▶ _EXERCISE DESCRIPTION_:
Once the line with "2)投资收益率(投资效果系数" is found, repeat it and all later lines exactly through the end of the listing below, with the pictures left out.

▶ _DATASET EXTRACT_:

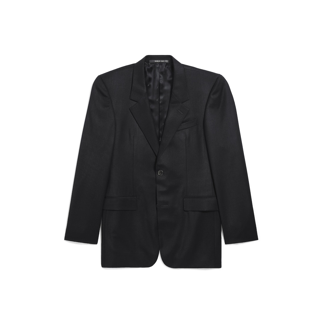 Standard Tailored Jacket in new black wool for Men is from several looks of Balenciaga Winter 25 Collection. PRODUCT DETAILS • Tailoring wool • Notch lapel • Simple-breasted 2 button front • 1 piped pocket at chest • 2 flap pockets at front • 4 button cuffs • 1 vent at back • Made in Italy Main material: 100% wool
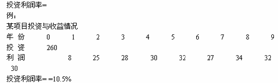 2)投资收益率(投资效果系数):项目达到设计能力后,其每年的净收益与项目全部投资的比率。是考察项目单位投资赢利能力的指数。
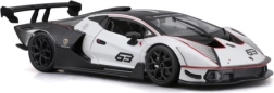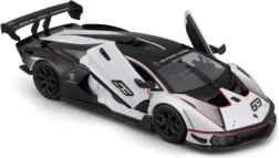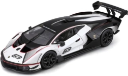 Model Lamborghini Essenza SCV12 podjetja Bburago ponuja vrhunsko kombinacijo detajlov in kakovosti. Zahvaljujoč die-cast kovinski karoseriji in skrbno izdelanim aerodinamičnim elementom izstopa na vsaki polici in v vsaki zbirki. Belo dirkalno izvedbo s kontrastnimi poudarki in številko 63 poudarja pristni dirkalni značaj.

▶ _TASK OUTPUT_:
 2)投资收益率(投资效果系数):项目达到设计能力后,其每年的净收益与项目全部投资的比率。是考察项目单位投资赢利能力的指数。
 Model Lamborghini Essenza SCV12 podjetja Bburago ponuja vrhunsko kombinacijo detajlov in kakovosti. Zahvaljujoč die-cast kovinski karoseriji in skrbno izdelanim aerodinamičnim elementom izstopa na vsaki polici in v vsaki zbirki. Belo dirkalno izvedbo s kontrastnimi poudarki in številko 63 poudarja pristni dirkalni značaj.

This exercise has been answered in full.